Since TWIST1 was more highly expressed in SMC progenitor states and was activated by IL-1β stimulation, we hypothesized that TWIST1 is able to modulate SMC phenotype, driving SMCs towards a less-differentiated and more proliferative phenotype and away from a more mature contractile phenotype [40]. To evaluate the effect of TWIST1 on SMC phenotype, we performed knockdown experiments in HCASMC and overexpression and knockdown experiments in rat aortic smooth muscle cells (A7r5). TWIST1 knockdown using siRNA decreased proliferation in HCASMC as assessed with EDU assay (Fig 5C). In a cell counting assay, ectopic Twist1 overexpression, which increased expression 5-fold, increased SMC number compared to control whereas Twist1 siRNA knockdown decreased cell number over time (Fig 5D and 5E, S12 Fig). As SMCs become mature and differentiated, they can become less proliferative and transition towards a contractile and even osteoblast-like phenotype [41, 42]. We therefore hypothesized that TWIST1, in driving SMCs to a less differentiated and more proliferative state, would decrease the ability of A7r5 SMCs to form calcifications in response to phosphate-rich media. Indeed, Twist1 overexpression led to a decreased number of calcifications, whereas siRNA knockdown of Twist1 increased the calcification potential of A7r5 cells (Fig 5F).
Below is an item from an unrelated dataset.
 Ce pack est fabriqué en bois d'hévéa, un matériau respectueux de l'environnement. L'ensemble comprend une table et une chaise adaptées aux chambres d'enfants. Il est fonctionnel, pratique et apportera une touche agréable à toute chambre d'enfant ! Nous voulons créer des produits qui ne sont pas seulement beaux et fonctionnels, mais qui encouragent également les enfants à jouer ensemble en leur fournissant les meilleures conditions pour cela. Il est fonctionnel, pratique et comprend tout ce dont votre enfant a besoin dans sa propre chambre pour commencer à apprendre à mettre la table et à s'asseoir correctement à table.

TWIST1 expression in atherosclerotic lesions in vivo

We next examined TWIST1 in vascular tissues in vivo. In human coronary arteries, TWIST1 protein could be detected in different compartments of the diseased vessel such as adventitia, media, and the neointima (S13 Fig). TWIST1 mRNA was significantly upregulated in human carotid arteries displaying atherosclerotic lesions in the Swedish BiKE study (fold change = 2.616, p-value = 0.0008, n = 137, Fig 5G) [43]. Interestingly, TWIST1 expression was higher in lesions categorized as asymptomatic based on absence of signs of a transient ischemic attack prior to endarterectomy (fold change = -0.754, p = 0.0275, n = 127, Fig 5H, S14 Fig). Immunostaining for TWIST1 in normal carotid arteries and in areas of atherosclerosis show that low basal TWIST1 expression in medial SMCs was increased in carotid plaques (Fig 5I and 5J).
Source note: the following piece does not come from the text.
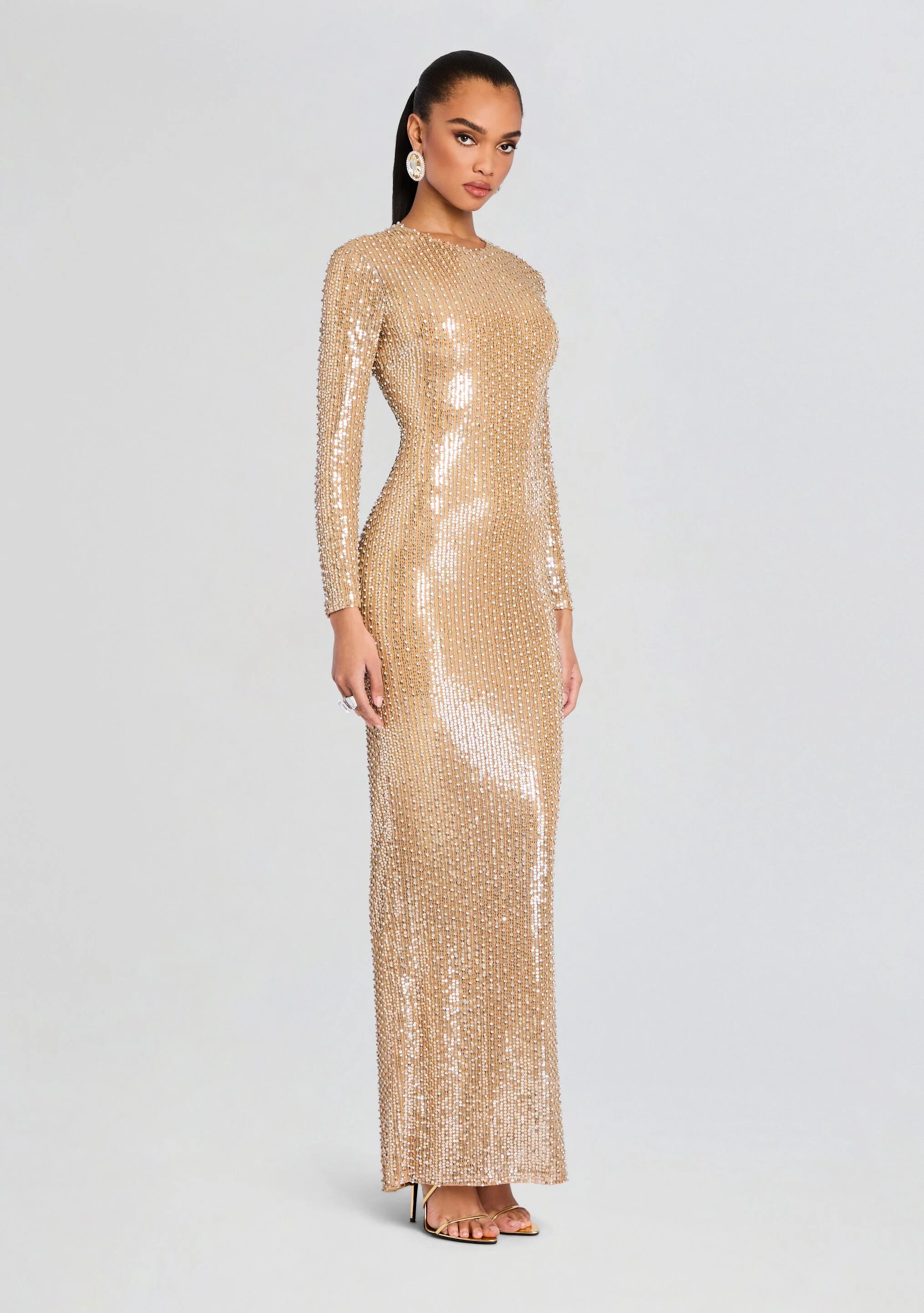 The Monette Sequin Dress is a dazzling gown designed for special occasions. Featuring long sleeves and an all-over sequin finish, it offers a classic silhouette that catches the light with every movement. Perfect for making a memorable impression, this dress blends elegance and sparkle effortlessly. Shown here in Nude/Gold/Silver.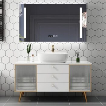 Modern White Oak Bathroom Vanity Set with Smart Mirror and Marble Countertop

Previous whole-transcriptome analyses of human coronary arteries and their associations with vascular diseases have been limited to whole tissue eQTL analyses [12]. However, transcriptome profiling of individual cell types of the human coronary artery vessel wall has two major advantages. It links individual genes to a distinct cell type and controls for environmental conditions. Because of the important role of both HCASMC and HCAEC in CAD, and their related developmental origin, we have focused our studies on these two cell types.
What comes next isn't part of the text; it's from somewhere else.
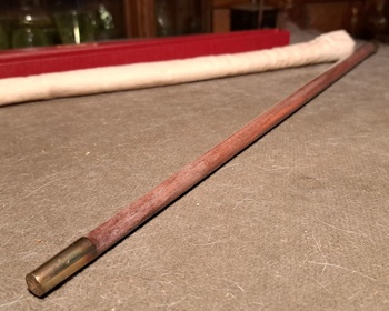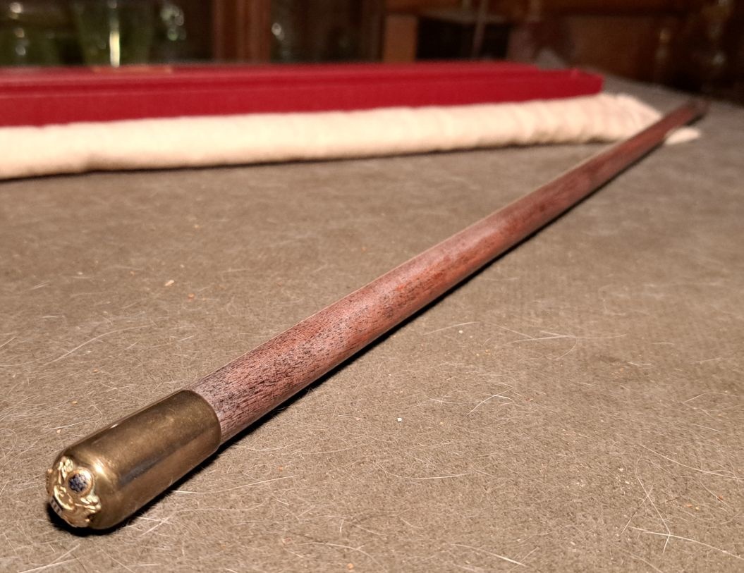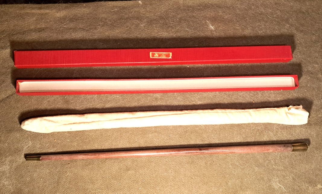 This exciting swagger stick came with the box and a clothe bag and is in near mint condition. It is about 21" long capped with metal of some sort at each end. The thick end has a US emblem with a shield/flag. It is a bit difficult to see what it is exactly. But apparently it is for American officers. These are usually seen with British officers but apparently were used by the US too.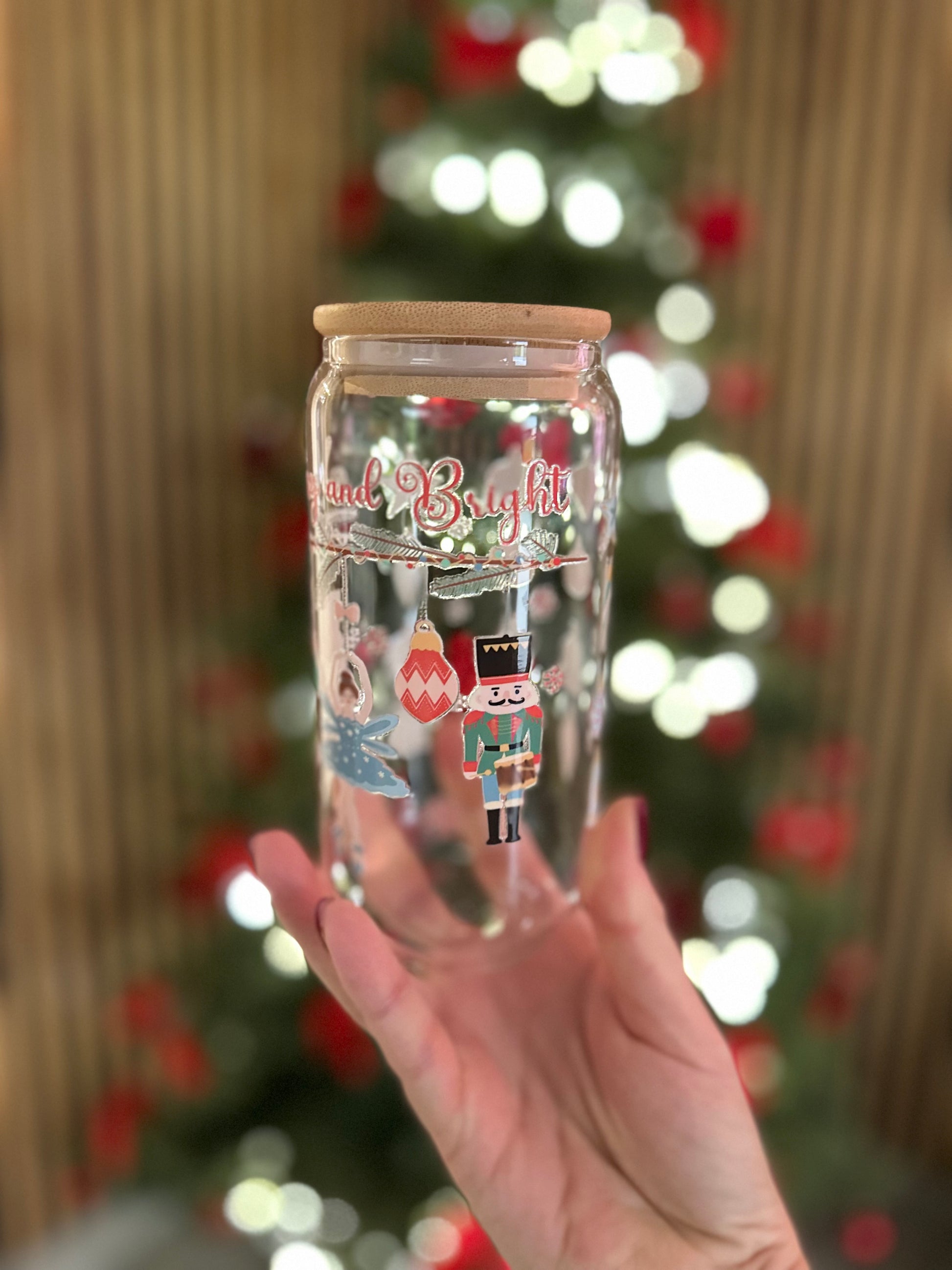 Voici le verre qui transforme instantanément ta boisson en petite scène féerique ✨. On y retrouve le soldat Casse-Noisette fier comme un général de Noël, et une ballerine légère comme un flocon, qui tourbillonne au milieu des décorations rétro, des ornements suspendus et des couleurs douces inspirées des cartes postales d’antan.

Using ASE analysis in HCASMCs and HCAECs, we identified several genes for which expression levels were modulated by common, non-coding variation in these cells, including tropomyosin 1 (TPM1), endothelial lipase (LIPG), C-X-C motif chemokine ligand 5 (CXCL5) and 16 (CXCL16), activated leukocyte cell adhesion molecule (ALCAM) and transcription factor 21 (TCF21). We found that the majority of ASE genes were also eGenes in arterial tissues in the GTEx data set and were commonly shared between all three arterial tissues in GTEx (aorta, coronary artery, and tibial artery). Myosin heavy chain 13 (MYH13) was the only gene in our study with allele-specific expression in HCASMCs and eQTL association exclusively in coronary artery. As this tissue has the lowest sample number of all three tissues (nAorta = 267, nCoronary = 152, nTibial = 388) this observation is likely based on a biological effect rather than lack of power for the other vascular tissues.

Colocalization analysis also identified several significant associations between GWAS signals for four different vascular traits and GTEx eGene signals in three arterial tissues. Many of these genes, such as TCF21, ADAMTS7, LIPA, PHACTR1, IL6R, and LRP1, are well-established risk genes. However, we found that genes identified in colocalization analysis overlapped no more than two vascular disease traits. There was only a modest overlap between ASE and colocalization genes, with TCF21 as a well-established risk gene, and MFGE8 and UFL1 as novel, high-confidence candidates. Colocalization analysis also suggested TWIST1 as a causal gene in the HDAC9/TWIST1 association locus for CAD and stroke. Genome editing validated this finding. Thus, while constitutive loss of HDAC9 has been shown to protect from atherosclerosis in a mouse model [44] and may be involved in regulating disease risk at this locus, our data link the rs2107595 haplotype with TWIST1 expression, suggesting a role for TWIST1 in human vascular disease.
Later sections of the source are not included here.